Lewin’s Three-Stage Change Model

Kurt Lewin figured something out in the 1940s that still holds true: people are basically frozen in their habits. You can’t just slap new processes onto old behaviors and expect things to work.

His model has three stages, and the names tell you exactly what’s happening: Unfreeze, Change, and Refreeze.

Unfreeze is about melting resistance. People won’t abandon comfortable routines unless they’re genuinely uncomfortable with the status quo. This phase involves showing them the problem—declining sales numbers, customer complaints piling up, competitors eating your lunch. You’re essentially creating productive discomfort. Not panic, but enough concern that staying put seems riskier than moving forward.

I’ve seen companies botch this by being too gentle. They hint at problems instead of laying out hard truths. Employees sense the hesitation and assume things aren’t that bad.

Change is the messy middle where actual transformation happens. People learn new skills, adjust to different workflows, and generally feel incompetent for a while. This stage generates the most anxiety. Your job is providing clear direction, adequate training, and visible support. Leaders need to be present—not just sending encouraging emails, but showing up where the work happens.

One manufacturing client I worked with had executives spend time on the production floor during their digital transition. That physical presence during the awkward learning phase made a huge difference.

Refreeze locks in the new normal. You’re updating performance reviews, changing how you measure success, celebrating people who’ve adopted new methods. Skip this step and watch everyone slowly drift back to old habits once the initial pressure releases.

This might look like revising job descriptions, updating your employee handbook, or making the new process part of standard quality checks.

three stage change process visualization unfreeze change refreeze
three stage change process visualization unfreeze change refreeze

Lewin’s approach works beautifully for contained changes with definite endpoints—moving offices, implementing a safety protocol, consolidating two teams. Its simplicity is both strength and limitation. You can explain it in five minutes. But modern organizations rarely “freeze” anything permanently. Most operate in constant evolution mode.

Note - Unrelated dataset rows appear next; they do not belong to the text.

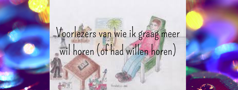 Luisterboeken zijn sowieso heerlijk, maar sommige voorlezers zijn extra fijn. Dat zijn voorlezers die het voorlezen tot een kunst hebben verheven, die duidelijk plezier hebben in het voorlezen en die weten waar en hoe ze stemmetjes moeten inzetten. Als ik twijfel of ik een boek wil luisteren en ik zie een van die voorlezers staan, dan is dat net het duwtje wat me over de streep haalt. Van die voorlezers zou ik graag meer willen horen, of, als ze al dood zijn, had ik graag meer van ze willen horen.
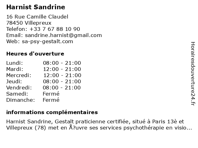 1 Sandrine Deliry - Hypnothérapeute (Distance: 2,60 km) 4 Allée des Millepertuis, 78450 Chavenay deliry, hypno, hypnose, hypnothérapeute, sandrine, sante 2 Sandrine Salmon - Masseur-kinésithérapeute (Distance: 3,25 km) 25a Rue Jean Gabin, 78390 Bois-d'Arcy docteur, kine, kinesitherapeute, kinésithérapeute, masseur, salmon, sandrine 3 Le Norcy Sandrine - Infirmier - Infirmière (Distance: 6,30 km) 7 Place Georges Pompidou, 78180 Montigny-le-Bretonneux docteur, infirmier, infirmière, le, medecins, norcy, sandrine, sante 4 Dr Sandrine Engerand - Radiologue - secrétariat (Distance: 8,96 km) 21 Rue Moxouris, 78150 Le Chesnay consultation, docteur, dr, engerand, med, médecin, médecine, radiologue, sandrine, secrétariat, traitement 5 Dr Sandrine Kamoun Zana - Chirurgie viscérale et digestive (Distance: 9,72 km) 9 bis Route de Saint Germain, 78560 Le Port-Marly chirurgie, consultation, digestive, docteur, dr, et, kamoun, med, médecin, médecine, sandrine, traitement, viscérale, zana 6 Calaf Sandrine Avocate à versailles (Distance: 10,07 km) 41 rue Paroisse, 78000 Versailles avocat, avocate, calaf, conseil, droit, sandrine, versailles |
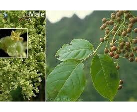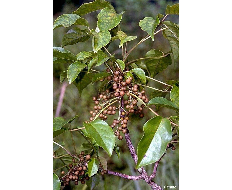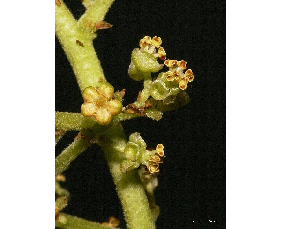Bischophia Javanica trees are commonly 12-18 m (35-60 ft) in height, with dense, rounded heads, smooth branches, and milky sap. Leaves alternate, long-petioled, trifoliolate (3 leaflets); leaflets shiny, bronze-toned, oval-elliptic, 15-20 cm (6-8 in) long, with margins small toothed. Flowers tiny, without petals, greenish-yellow, in many-flowered clusters (racemes) at leaf axils; male and female flowers on separate plants (dioecious). Fruit pea-sized, berrylike, fleshy, to 9 mm (0.33 in) in diameter, brown or reddish or blue-black, 3-cell

The model also doesn’t spell out specifics on communication timing, stakeholder mapping, or resistance management tactics. That’s why many practitioners use it as a mental model while pulling in more detailed tools for execution.

Kotter’s 8-Step Change Process

John Kotter spent years studying why transformations fail. He examined over 100 organizations and noticed something interesting: most failures happened early, before the actual change work even started. Companies skipped crucial foundation-building because it felt like overhead.

His eight-step model, published in 1996, forces you to do the unglamorous prep work that actually determines whether your change survives contact with reality.

The central issue is never strategy, structure, culture, or systems. The core of the matter is always about changing the behavior of people.

John Kotter

Here’s how the eight steps unfold:

Step 1: Create a Sense of Urgency. Half of all change efforts die right here because leaders underestimate how comfortable people are with mediocre results. You need to examine market threats, spotlight genuine opportunities, and get at least 75% of your management team convinced that business-as-usual isn’t viable. Manufactured urgency backfires fast—people see through artificial crises.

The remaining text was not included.